What relationship do debt and available income sources have on health career preferences?

Project code:  MHS010

Department

Medicine

Location

Auckland

Supervisor

Phillippa Poole

Each year since 2006, the University of Auckland Faculty of Medical and Health Sciences Tracking Project has collected information on career intention, debt and income sources from healthcare students at entry to, and exit from, their respective programmes. Data relate to the disciplines of medicine, nursing, pharmacy, health science and optometry. The specific aims for this summer studentship project include:

  1. Determining whether students with high vs. low debt levels have different numbers or patterns of available income sources
  2. Determining whether debt level or patterns of available income sources lead to particular career preferences – for example, whether students with high debt have a preference for higher paid specialties within their discipline

Ethics approval is not required for this summer studentship project since approval is already covered by the Tracking Project. Please send a copy of your CV with a cover letter outlining reasons for wanting to undertake this project, as well as your current degree and GPA.

Skills

Use of large databases – data manipulation and cleaning

Statistical analysis – summary statistics, predictive statistics, Excel, SPSS

Writing for publication – it is intended that this project will result in a published research paper to which the student will contribute and received authorship

What factors consolidate a regional-rural career intention in medical students?

Project code:  MHS011

Department

Medicine

Location

Auckland

Supervisor

Phillippa Poole

This builds on a 2015/6 summer project, in which we found that medical students from a regional rural (RR) background are about three times more likely than urban students to intend to work in a RR setting.1 Yet, a significant proportion of RR medical students switch to having an urban career intention, which is more than offset by the number of urban students who switch to a RR career intention. We need a better understanding of the factors that promote or detract from a RR career choice. The University of Auckland Faculty of Medical and Health Sciences Tracking Project has over 10 years of data on student demography and career intentions at entry and exit from the medical programme along with self-reported influencing factors. These may be linked with details on curriculum, such as location of placements.

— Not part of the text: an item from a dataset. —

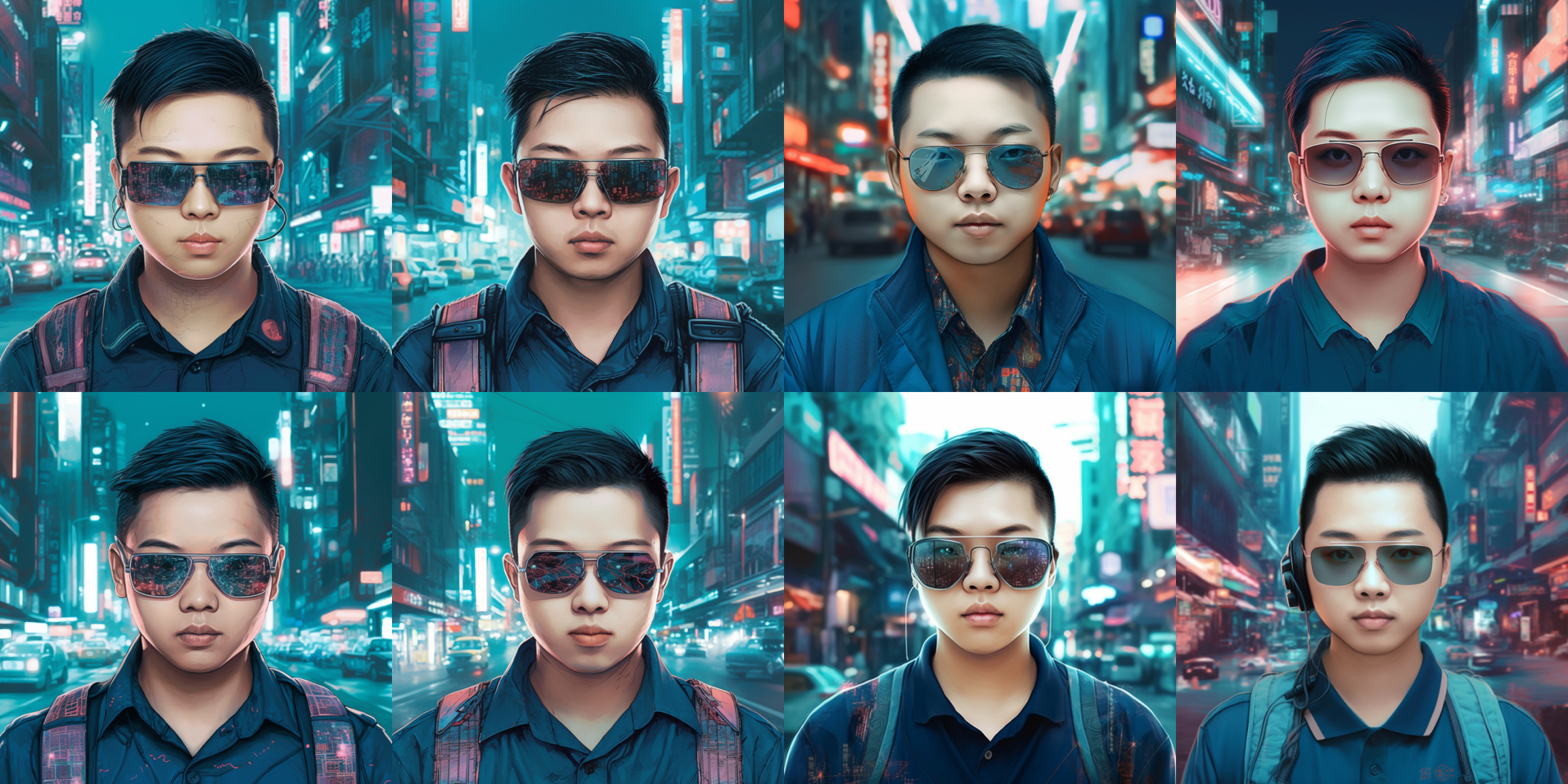 上面这几个头像 prompt 最后生成的头像是这样的,坦率地说,我已经尽力了,我的个人特征太少了,人也不帅,生成的图片,都有种东南亚人那味,感觉 Midjourney 对亚洲人的理解还不是很行 😂

This particular study aims to:

  • Describe key factors that influence medical student choice of career location;
  • For students who change their career intention towards or away from an RR career, ascertain the effect of individual and curriculum factors on that change;
  • Determine whether these factors are the same for students whose intended practice location remains the same as their backgrounds.

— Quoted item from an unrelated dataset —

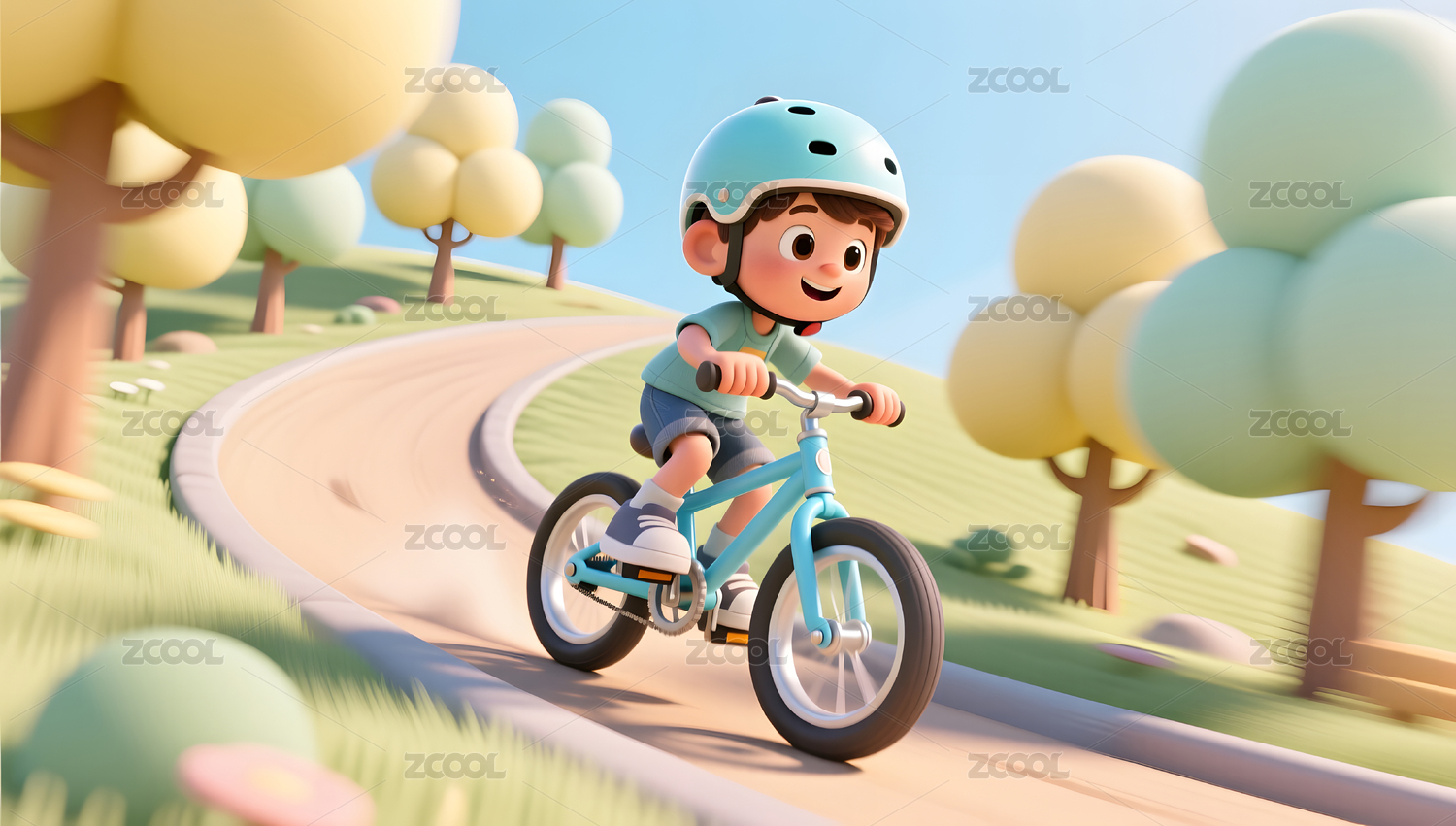 戴头盔骑自行车的女孩3D骑行戴头盔插画

The project has ethics approval, and would suit a student interested in career development with mathematical / statistical skills. Please send a copy of your CV with a cover letter outlining reasons for wanting to undertake this project, as well as your current degree and GPA.

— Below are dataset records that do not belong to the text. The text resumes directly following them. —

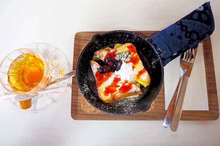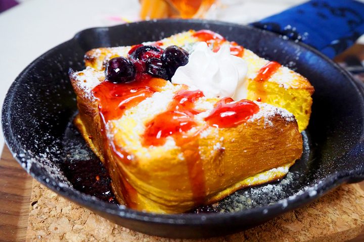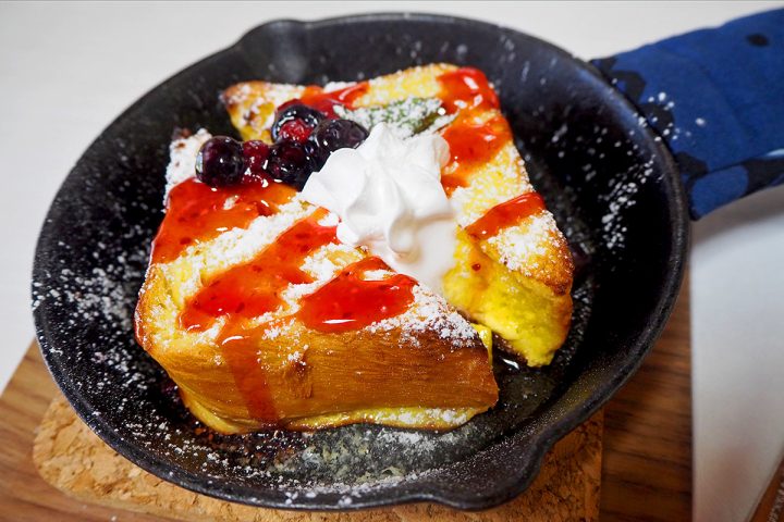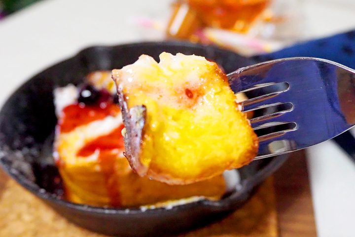 フレンチトーストはスキレットで提供しているため、焼きたてで熱々です。トーストにかかっているベリーのソースがふつふつとしていました。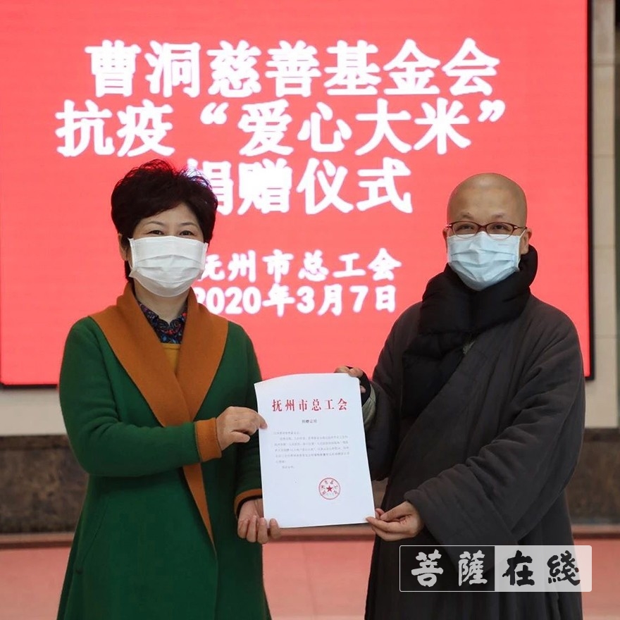 抚州市总工会主席江玉兰代表一线工作人员接受捐赠,养立法师代表基金会接过捐赠证明。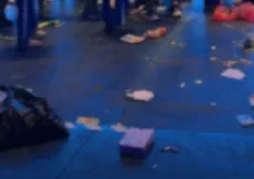 视频中可以看到,海洋馆的走廊和座位区散落着大量塑料瓶、饮料杯和纸屑。观众席上,学生群体占据了大半场地,孩子们嬉笑打闹,甚至有人互相投掷物品。拍摄者语气愤怒:“票价不便宜,环境却像集市,工作人员也不管,真是太糟糕。”

  1. Poole P, Stoner T, Verstappen A, Bagg W. Medical students: where have they come from; where are they going? NZ Med J 2016 (in press)

Skills

Literature searching and appraisal

Data handling and statistics

-data collection, data entry, data collation.

-use of large datasets

-summary statistics, univariate and multivariate analysis, factor analysis

Writing for publication

- The student is expected to contribute significantly to a research paper

 

Microvascular complications of type 2 diabetes and other comorbidities after bariatric surgery

Project code:  MHS023

Department

Medicine

Location

Auckland

Supervisor

Rinki Murphy

Bariatric surgery provides the most effective and durable treatment for type 2 diabetes in terms of glycaemia, however, its effects on microvascular complications such as diabetic retinopathy, nephropathy and neuropathy are poorly characterized. In addition, there are several other comorbidities such as gout, asthma that may also improve with weight loss.  Data is being collected from a prospective, randomized clinical trial comparing sleeve gastrectomy (SG) versus gastric bypass (GBP) surgery among patients with morbid obesity and type 2 diabetes on remission of diabetes and weight loss. Baseline and 1 year follow up has been completed and included 114 patients who received either GBP or SG surgery at North Shore Hospital.  5 year follow up is due to begin in October 2016.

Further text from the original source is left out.